Wir finden, dass wir uns eine Belohnung verdient haben und machen uns auf die Suche nach einer Eisdiele. Netterweise dürfen wir die Hunde mit in das Café nehmen. Leider habe ich mir den Namen nicht gemerkt, aber ich glaube, es war das Eiscafé Venezia.
Fazit
Ich muss zu allererst der 11-jährigen Anna ein großes Kompliment machen, denn sie hat tapfer und sehr fröhlich die ganze Wanderung durchgehalten. Erst ganz zum Schluss hat sie ein wenig gequengelt, aber da waren Patricia und ich auch schon ein wenig kaputt.

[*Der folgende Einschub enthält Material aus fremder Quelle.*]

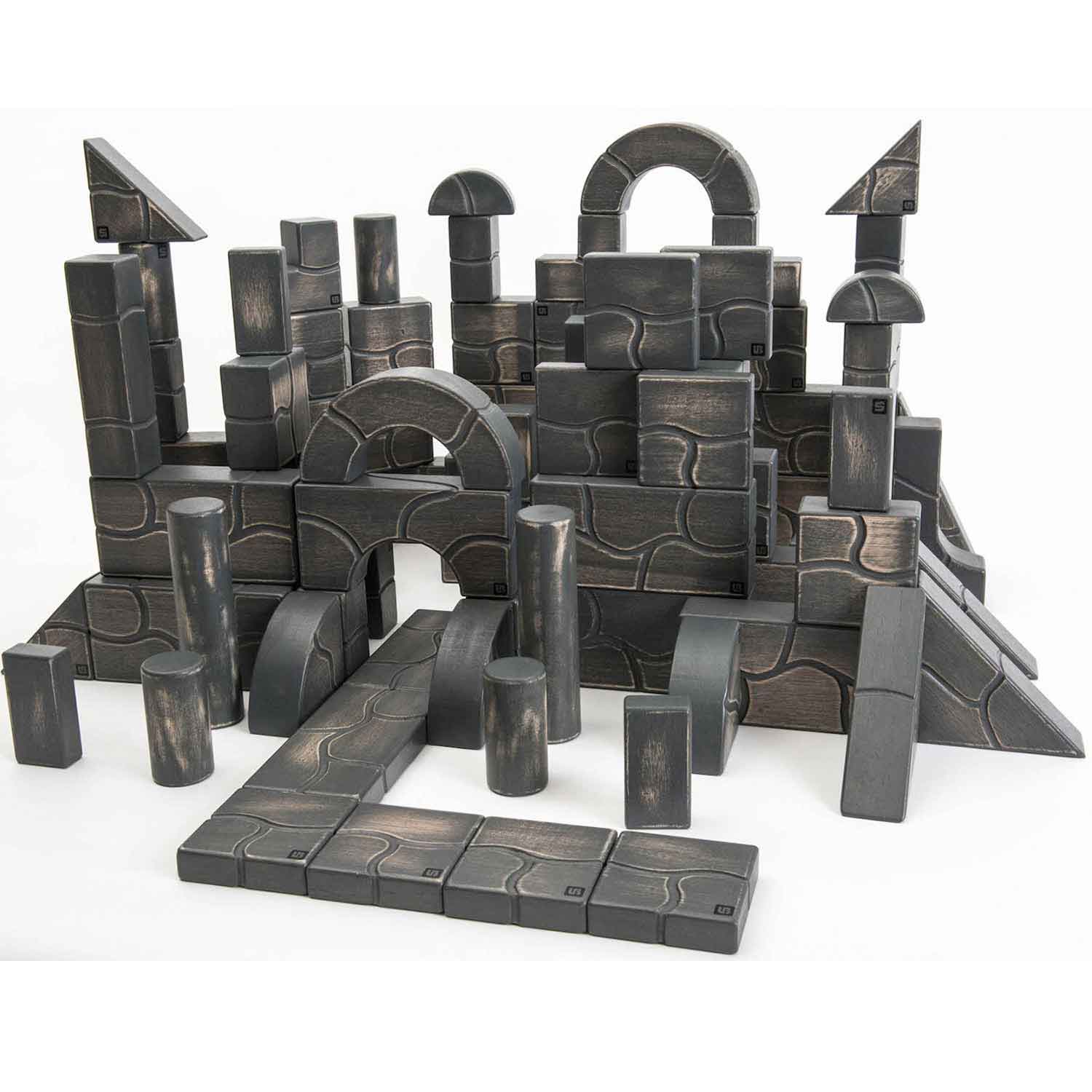 100-piece set includes half units, full units, pillars, columns, gothic arches, buttresses, corners, roman arches, half circles, circle curves, triangles, thin units and more—a total of 19 shapes!

Die Wanderung war sehr schön, abwechslungsreich und gut ausgeschildert (obwohl ich glaube, dass wir zum Ende hin irgendwo falsch abgebogen sind und zwei oder drei Kilometer zusätzlich durch Mais- und andere Felder marschiert sind …). Darüber hinaus werden besondere Orte/Stelle/Punkten anhand von ausführlichen Informationstafeln erklärt. Auf dem ganzen Weg gibt es immer wieder schöne Rastplätze, die zu einer kleinen Pause einladen. Für Hunde gibt es unterwegs ausreichend Trinkmöglichkeiten.
Wir sind an diesem Tag nur wenigen anderen Wanderern begegnet. Uns wurde allerdings hinterher erzählt, dass dieser Wanderweg insbesondere an den Wochenenden sehr stark frequentiert wird.
Weitere Informationen:
- Die Schächerbachtour ist neun Kilometer lang und als leicht beschrieben, da der Höhenunterschied, der zu bewältigen ist, nur insgesamt 130 Meter beträgt. Die Tour ist daher auch ideal für Familien mit Kindern.

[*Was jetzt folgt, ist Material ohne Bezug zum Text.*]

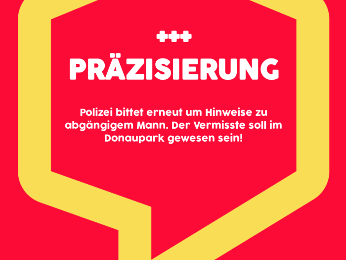 Der aktuelle Ermittlungsstand lässt den Schluss zu, dass der wahrscheinlich letzte Aufenthaltsort an der Donaulände zwischen Lentos und Arcotel war, weshalb ein tragischer Unglücksfall vermutet … Präzisierung! Erneut Hinweise zu abgängigem Mann erbeten. Der Vermisste soll im Donaupark gewesen sein! weiterlesen

- Anfang und Ende der Tour ist der Parkplatz an der Stadthalle (es fallen keine Parkkosten an). Hier hängt auch nochmals eine ausführliche Wegbeschreibung.

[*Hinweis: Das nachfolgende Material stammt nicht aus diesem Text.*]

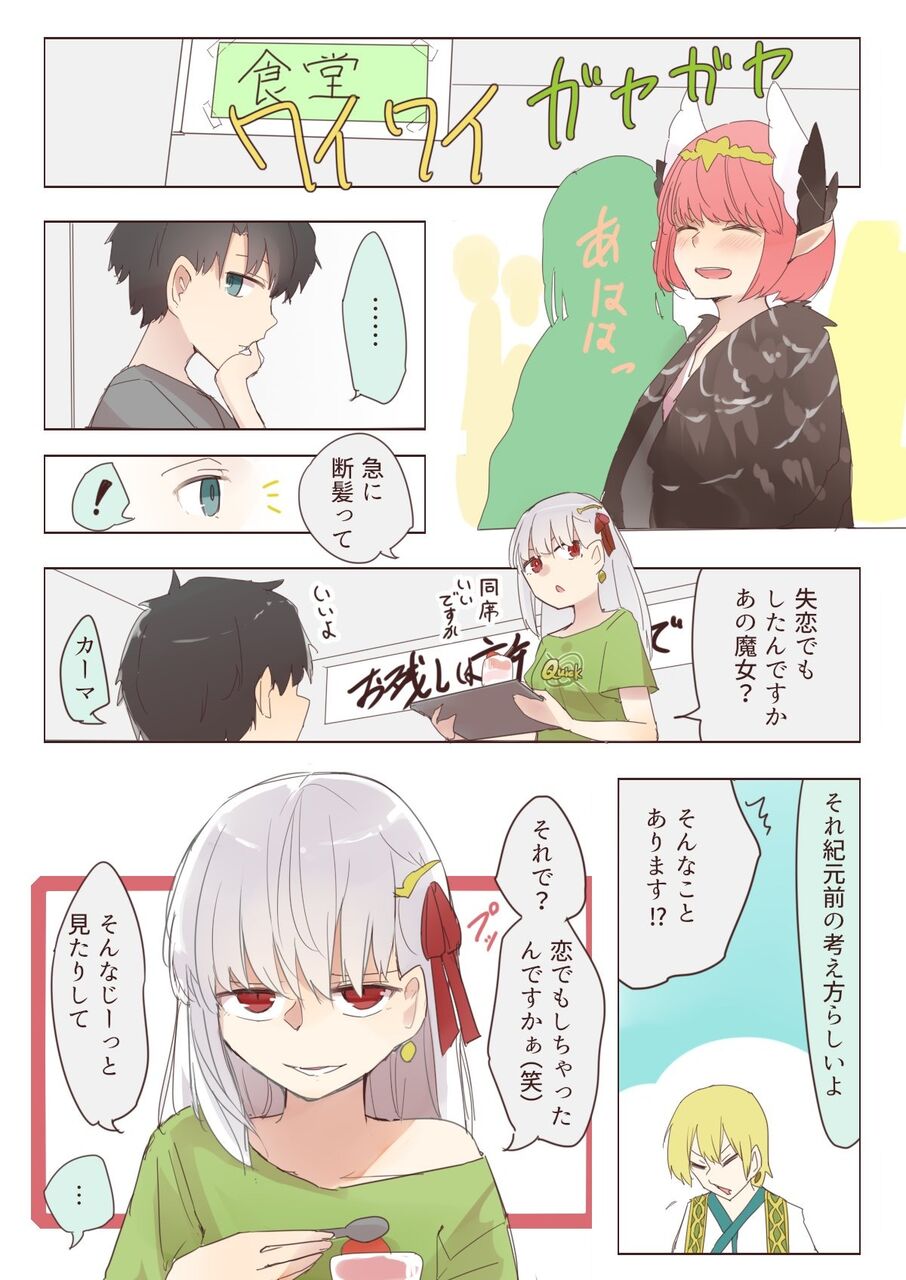 @e__mishi 初手から北郎さんの描くキルケーが凄く可愛くて素敵で、乙女なカーマちゃんの照れ顔とかほんと最高で、相変わらずマシュがやべー子なのほんと好きです、バソをネタにできなくなるぐだ個人的にツボです

- Die Hain- und die Pletschmühle sind zwischen April und Dezember mit Gastronomie geöffnet. Die Hainmühle ist in dieser Zeit ab 11.30 Uhr durchgehend geöffnet. Die Pletschmühle ist unter der Woche ab 18 Uhr geöffnet, sonntags ab 11 Uhr, Montag ist Ruhetag.
- Homberg (Ohm) ist ca. zehn Kilometer von der nächsten Anschlussstelle an die A5 entfernt. Von Frankfurt aus erreicht man den Ort im Vogelsberg in einer knappen Stunde.
- Weitere Informationen findet Ihr bei der Vogelsberg Touristik.